Suitsupply campaign generates homophobic backlash

The suit is the pillar garment of the masculine wardrobe. But more than just attire, the suit epitomizes the masculine norms that underlie society, business and all the codes associated with masculinity.

What is not deemed masculine, is two men in suits kissing or appearing to be a couple. This according to the backlash that has preceded the latest advertising campaign by Dutch formalwear brand Suitsupply.

At the end of February Suitsupply released several controversial images, featuring two men embraced or appearing to be same sex couples alongside the slogan ‘Find your perfect fit’.

In one photograph, a man in a white tuxedo is seen next to a man in speedos in front of a swimming pool. Tuxedo arm on bare man’s chest. In another photograph a man lying on a lounger is wearing a casual suit, head lovingly cradled by a man dressed in a sharp checked suit. In the most controversial image, a very well dressed couple are seen embraced in front of a fountain, passionately kissing.

For all the progress we are making in society on both sides of the masculine and feminine scales, from the #metoo movement to gay rights, it seems with every step forward we take another backwards. One needs only to read the social media comments under the Suitsupply images to see the furore it has caused.

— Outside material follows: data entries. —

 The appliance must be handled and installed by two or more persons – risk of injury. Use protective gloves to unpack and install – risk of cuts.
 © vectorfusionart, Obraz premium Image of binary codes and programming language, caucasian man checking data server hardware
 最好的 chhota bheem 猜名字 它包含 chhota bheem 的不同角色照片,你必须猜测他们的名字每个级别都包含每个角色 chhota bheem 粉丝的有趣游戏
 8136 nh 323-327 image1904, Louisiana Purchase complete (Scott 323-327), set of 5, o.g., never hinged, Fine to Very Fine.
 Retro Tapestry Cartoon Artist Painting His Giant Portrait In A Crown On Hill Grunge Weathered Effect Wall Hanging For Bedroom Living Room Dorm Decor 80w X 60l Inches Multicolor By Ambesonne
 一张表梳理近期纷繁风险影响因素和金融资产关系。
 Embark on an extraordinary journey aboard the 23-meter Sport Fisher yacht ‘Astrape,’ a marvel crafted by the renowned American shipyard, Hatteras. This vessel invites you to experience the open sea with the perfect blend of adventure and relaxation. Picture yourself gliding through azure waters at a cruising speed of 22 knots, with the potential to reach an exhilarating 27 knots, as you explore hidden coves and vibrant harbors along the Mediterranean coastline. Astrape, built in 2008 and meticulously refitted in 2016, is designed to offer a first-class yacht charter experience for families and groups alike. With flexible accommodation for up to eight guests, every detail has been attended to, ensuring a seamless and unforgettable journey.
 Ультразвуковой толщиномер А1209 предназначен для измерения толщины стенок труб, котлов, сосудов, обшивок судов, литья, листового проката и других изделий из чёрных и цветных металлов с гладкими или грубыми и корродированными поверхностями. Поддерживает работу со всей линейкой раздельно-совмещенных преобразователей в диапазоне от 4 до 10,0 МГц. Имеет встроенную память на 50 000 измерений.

Suitsupply campaign generates homophobic backlash

Billboards were vandalized and de-faced

In Amsterdam, arguably on of the world’s most tolerant cities and home of Suitsupply’s head office, billboards were vandalized and defaced. Faces were obliterated and hate messages graffitied onto posters.

While the ad may have garnered more publicity for Suitsupply than it would previously have achieved, it seems out of date that in 2018 two men embracing on a public advertisement could conjure such an explosion of negativity. Whereas Suitsupply had 361,000 followers at the time of the campaign, it has now grown to over 400,000 in just two weeks, despite an initial backlash of losing 12,000 followers.

Of the 5 thousand posters distributed across the Netherlands, over 30 ads were vandalised in the first few days, Suitsupply’s CEO Fokke de Jong confirmed to online site NU.

The controversial campaign also resulted in a barrage of emails and complaints De Jong stated. “Many people ask us how to explain these posters to their children. Those are questions we never get when we use an erotically charged poster featuring a man and a woman.”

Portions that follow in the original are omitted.